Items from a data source
★ ★ ★ ★ ★

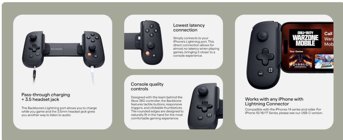
Image: A visual guide demonstrating the connection of an iPhone to the Backbone One controller, emphasizing the Lightning port and the adjustable design for various phone sizes.
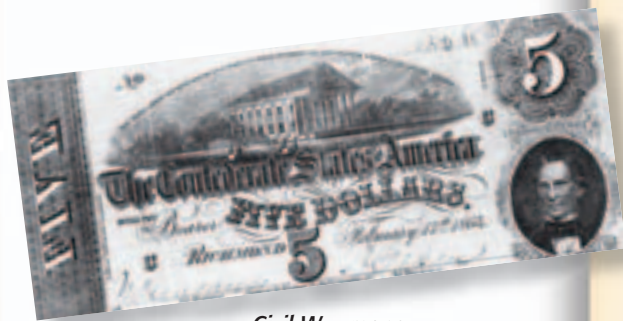
Civil War money

Expressed Powers Expressed powers are those powers directly stated in the Constitution. Most of the expressed powers of Congress are listed in Article I, Section 8. These powers are also called enumerated powers because they are numbered 1–18. Which clause gives Congress the power to declare war?
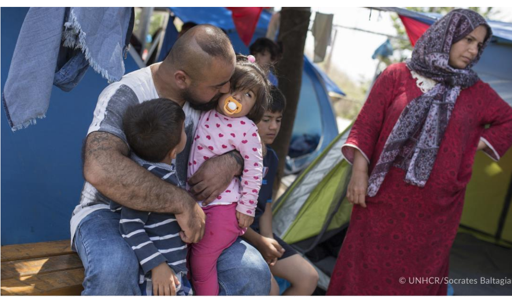
An Iraqi family at the Diavata site near Thessaloniki. The family crossed into Greece via the Evros River.
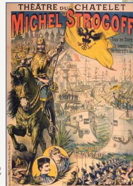
Poster for the stage adaptation of Michel Strogoff

Jules Verne wrote over thirty plays in total, yet this aspect of his writing is not well known. In fact, he found theatrical success by adapting his novels Around the World in Eighty Days , Michel Strogoff , and In Search of the Castaways for the stage. These spectacular productions, with their dazzling sets and staging, paved the way for film adaptations in the following century.
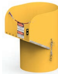
Top Hopper Section
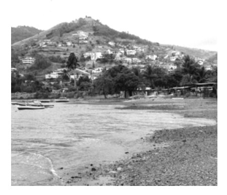
Hillside development in Carenage contributes to the siltation and plumes after each heavy shower of rain.

Some extremely successful collaborations include that between the Wildlife Section and the San Juan Rotary Club for manatee protection in the Nariva Swamp. The Rotary Club has developed a project proposal establishing a Manatee Conservation Trust, with representatives from all stakeholders including Government as well as NGOs. Another example is between the Forestry Department of the THA and Environment

★ ★ ★ ★ ★

Print only the lines from the one with "An Iraqi family" through the last line of the data above, exactly and with both ends, and please omit any pictures.

#### [Task solution]
An Iraqi family at the Diavata site near Thessaloniki. The family crossed into Greece via the Evros River.
Poster for the stage adaptation of Michel Strogoff

Jules Verne wrote over thirty plays in total, yet this aspect of his writing is not well known. In fact, he found theatrical success by adapting his novels Around the World in Eighty Days , Michel Strogoff , and In Search of the Castaways for the stage. These spectacular productions, with their dazzling sets and staging, paved the way for film adaptations in the following century.
Top Hopper Section
Hillside development in Carenage contributes to the siltation and plumes after each heavy shower of rain.

Some extremely successful collaborations include that between the Wildlife Section and the San Juan Rotary Club for manatee protection in the Nariva Swamp. The Rotary Club has developed a project proposal establishing a Manatee Conservation Trust, with representatives from all stakeholders including Government as well as NGOs. Another example is between the Forestry Department of the THA and Environment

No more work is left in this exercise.